Jaques A.K., Fukamizo T., Hall D., Barton R.C., Escott G.M., Parkinson T., Hitchcock C.A., Adams D.J.

The gene encoding a major, inducible 45 kDa chitinase of Aspergillus fumigatus was cloned and analysis of the deduced amino acid sequence identified a chitinase of the fungal/bacterial class which was designated ChiB1. Recombinant ChiB1, expressed in Pichia pastoris, was shown to function by a retaining mechanism of action. That is, the beta-conformation of the chitin substrate linkage was preserved in the product in a manner typical of family 18 chitinases. Cleavage patterns with the N-acetylglucosamine (GlcNAc) oligosaccharide substrates GlcNAc(4), GlcNAc(5) and GlcNAc(6) indicated that the predominant reaction involved hydrolysis of GlcNAc(2) from the non-reducing end of each substrate. Products of transglycosylation were also identified in each incubation. Following disruption of chiB1 by gene replacement, growth and morphology of disruptants and of the wild-type strain were essentially identical.

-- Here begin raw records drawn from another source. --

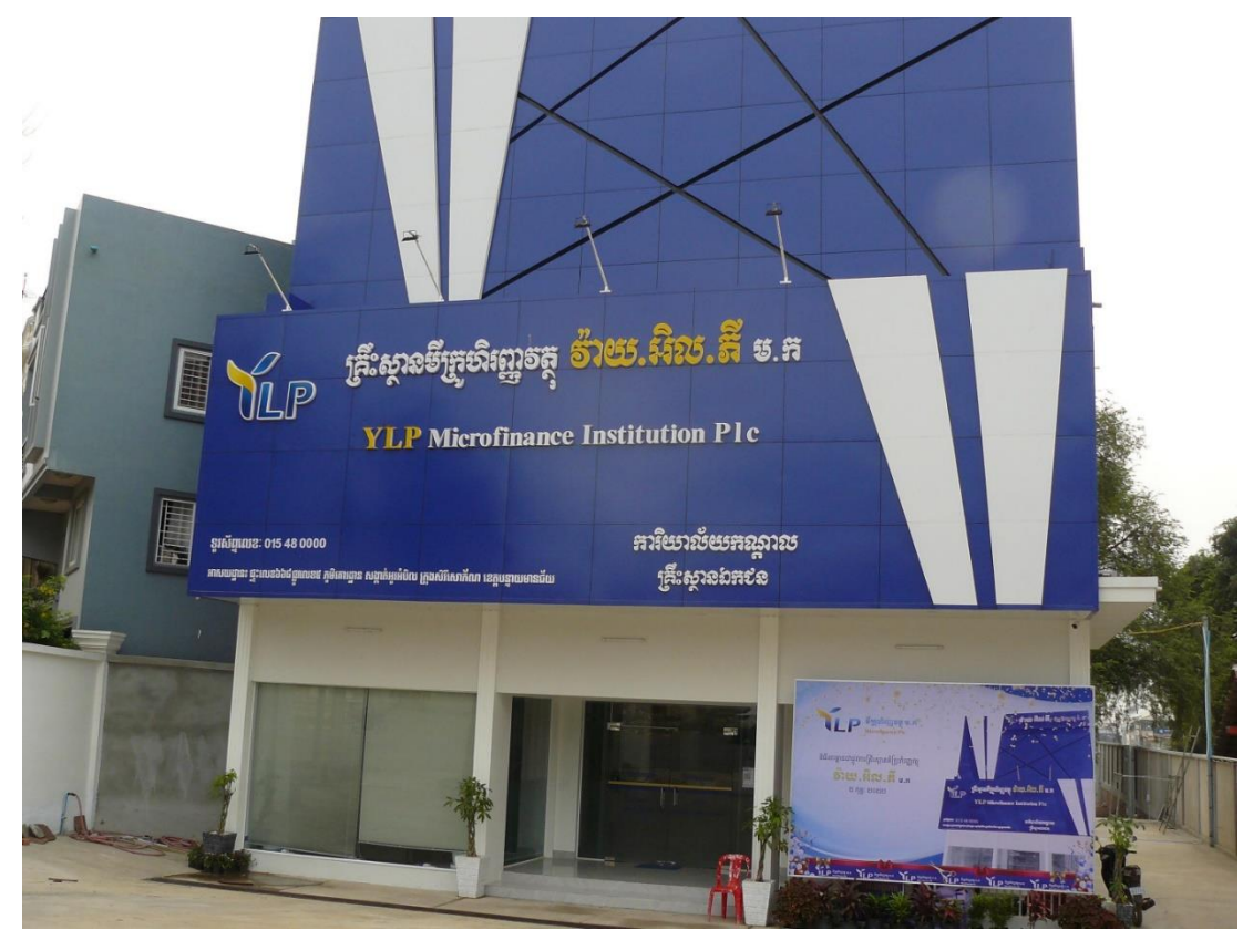
Fig. 1: Even in the smallest urban centres in Cambodia, there are often a dozen different banks and MFIs present.

The study was also conducted with regard to additional issues that may be associated with the impact of the COVID-19 pandemic on borrowers. The study, with the key questions raised, is also understood to be complementary to recent studies that have focused on the relationship between credit and land (Microfinance Centre 2017 and the unpublished KfW / MIFA 2021/2022 study). In addition, other research was evaluated that, in addition to reaching rural areas of Cambodia, has its focus also and especially on urban areas and in particular Phnom Penh, where the COVID-19 crisis, for example, forced more people than in rural areas to take out loans, especially to finance livelihoods (Murg 2021, EU 2021).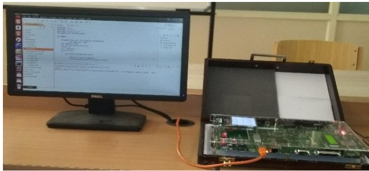
Fig1: PC and Client interface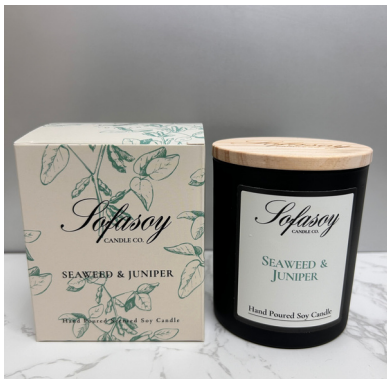
(SO11) SCENT - SEAWEED & JUNIPER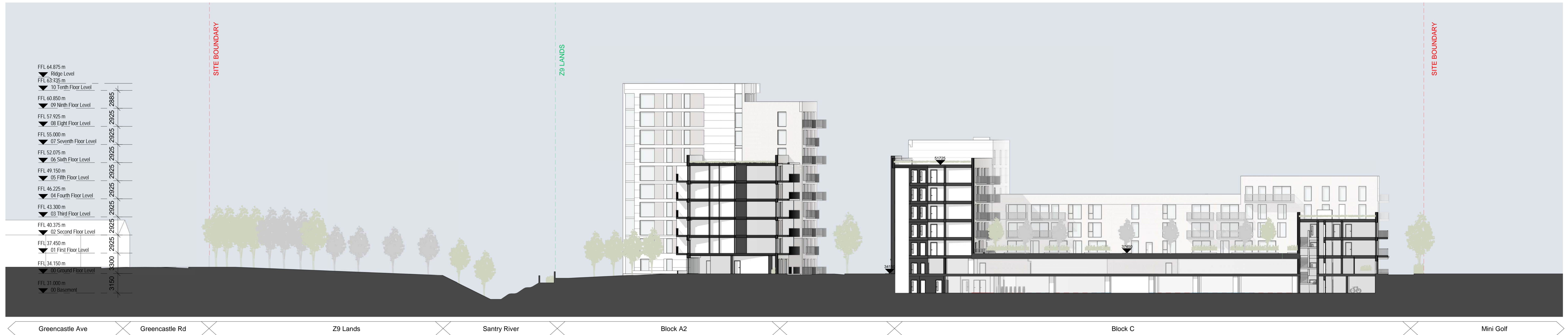
4 Section 4 1 : 250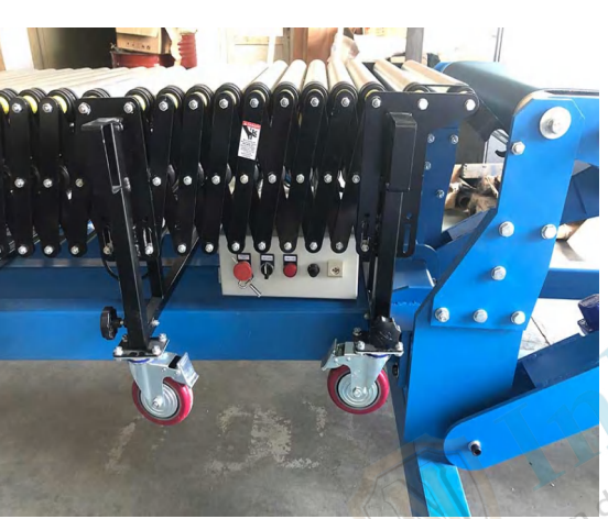
Flexible conveyor with independent control box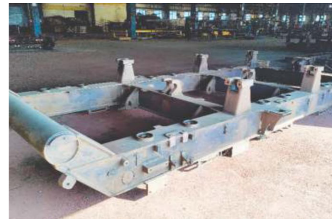
Bogie Frames Complete for Coco Locomotive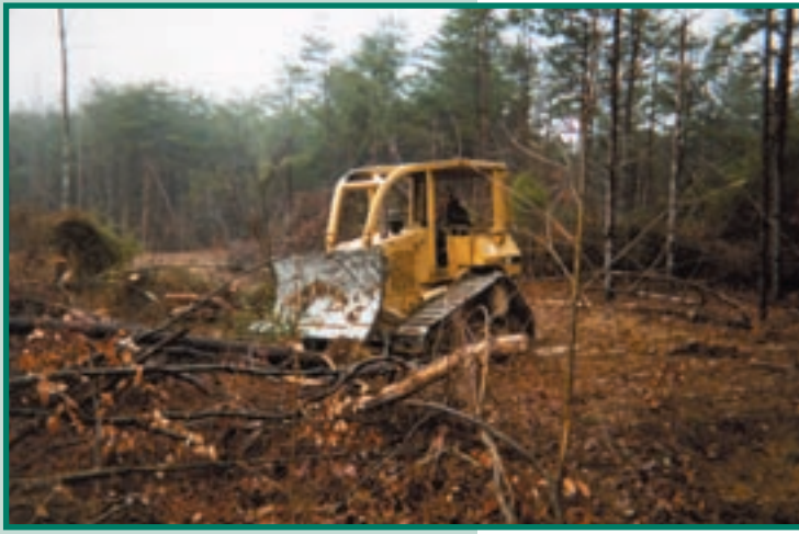
Figure 2. A forest opening being created in an ice and snow damaged pine stand with a bulldozer.

managed, the site selected must be easily and permanently accessible with necessary equipment. If you can't get to it, you can't manage it.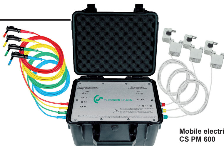
Mobile electricity/effective power meter CS PM 600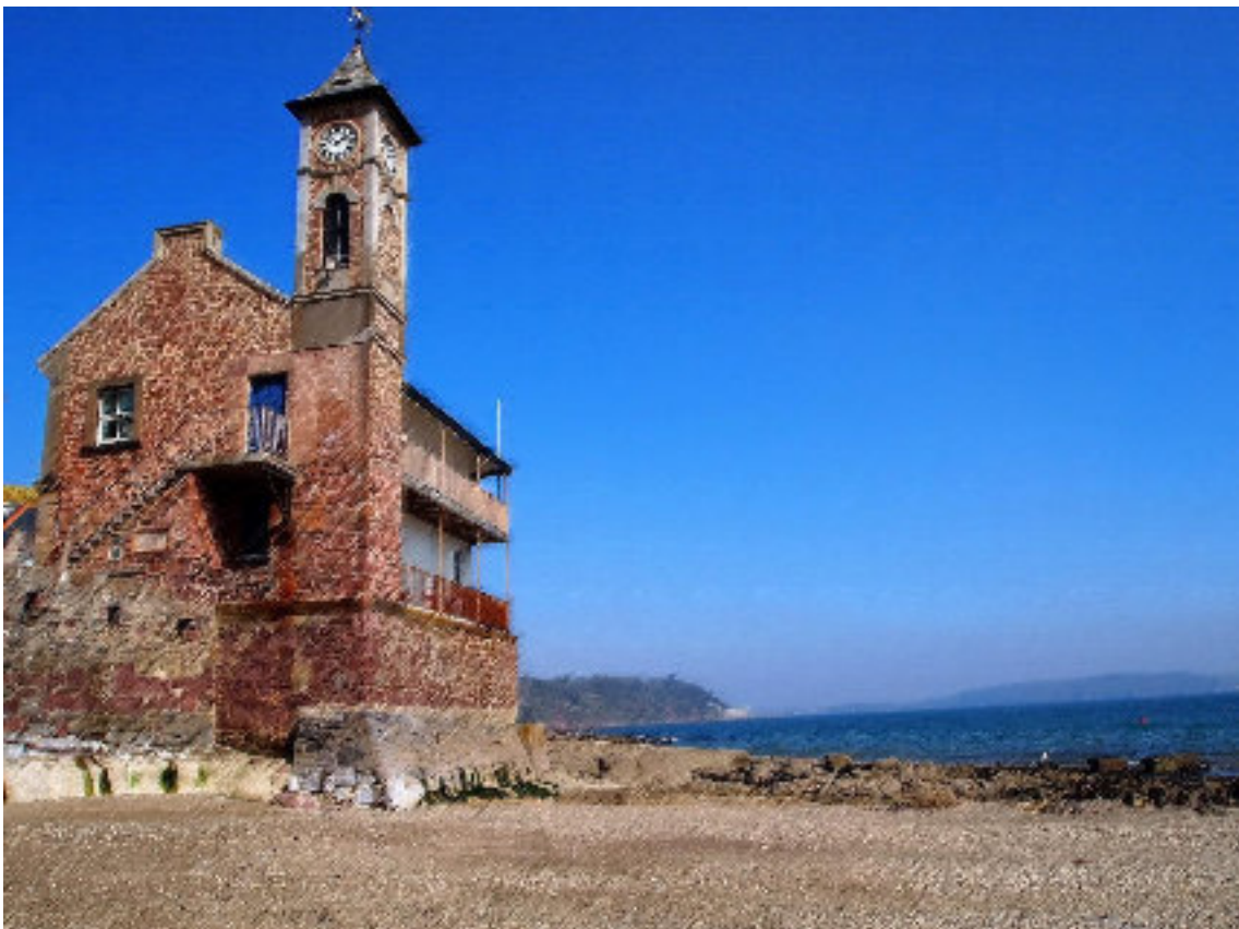
8 Kingsand Institute and Clock Tower, which was erected to commemorate the coronation of King George V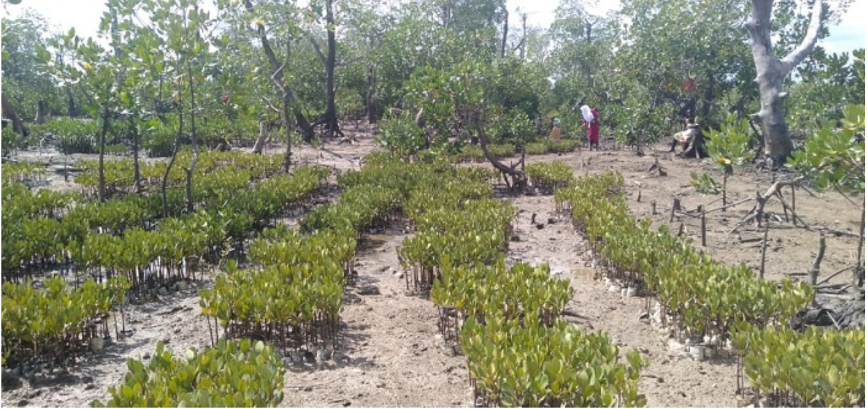
Progress on growth of expounded mangrove nursey after uplift of partial lockdown in August 2020.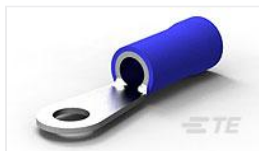
TE Part #52042-3 TERMINAL,R PG 6 1/4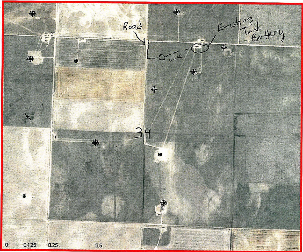
Location of White Exploration, Inc. Black Stone "B" #5 330' FNL and 2310' FWL (NW NW NE) Section 34-29S-41W Stanton County, Kansas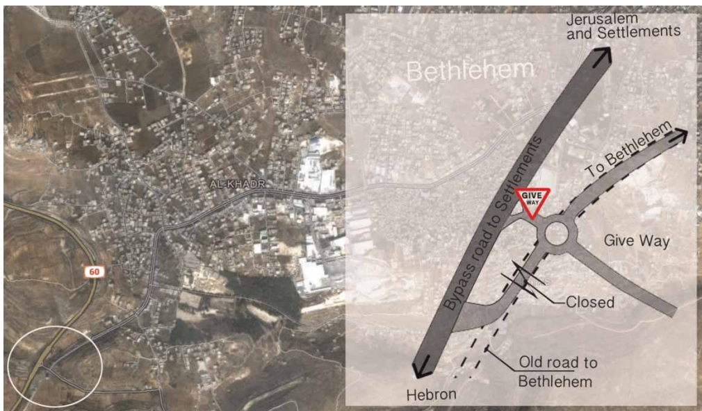
Figure 3. South entrance of Bethlehem, Google Maps 2014. Author's illustration.

The watchtower, signpost, steel gate, concrete blocks and roads junctions are the basic components of the entrance/exit of Palestinian populated centres. Put together, these standardised components constrain the Palestinian spatial mobility at a relatively low cost. These structures are economical, generalisable and replicable all over the West Bank. Indeed, an individual soldier stationed at a watchtower may effectively observe, judge the situation and analyse the imagery coming from the CCTV cameras. When necessary, s/he may call for military backup to be deployed on site to activate the checkpoint or shut the gate; once the job is complete, the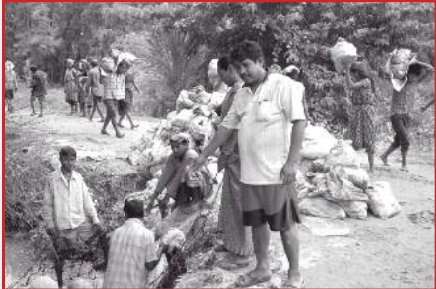
Community involved in road maintenance after being affected by flood in Bardiya

Kolti, the 21st council meeting of Bajura has formally established an emergency fund titled “district level emergency disaster management fund”. A total of NRs. 231, 000 was collected for emergency responses over the period of 2013. Four disaster victims have been supported by this fund. This has been a good practice for generating local resources, building solidarity on disaster management and encouraging the private sectors to uphold their promises of corporate social responsibility as well. Likewise, in most of the LRPs, communities have been able to establish emergency fund thereby getting immediate response in case of disaster occurrence. BDRC project supported NRs. 15, 00,000 for establishing DM fund in the Pokhara Sub-metropolitan City. Municipality has allocated additional amount of NRs. 10, 00,000 which has certainly brought about trust within the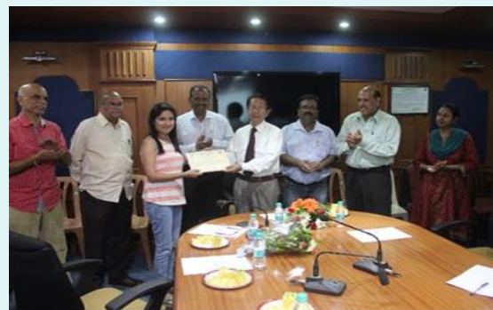
Valedictory function of Training on Advances in Microscopy

He emphasized the recent advances in analytical tool for pollutants identification much less than at the ppb level, high-resolution and high-speed camera, rapid detection of diseases by microscopy and the relevance of Moore's law in various technologies. He distributed certificates to the participants.

However, during the autolytic phase of batch cultures the level of chitinase activity in culture filtrate from a disruptant was much lower than the activity from the wild-type. The search for chitinases with morphogenetic roles in filamentous fungi should perhaps focus on chitinases of the fungal/plant class although such an investigation will be complicated by the identification of at least 11 putative active site domains for family 18 chitinases in the A. fumigatus TIGR database (

Microbiology 149:2931-2939(2003) [PubMed] [Europe PMC]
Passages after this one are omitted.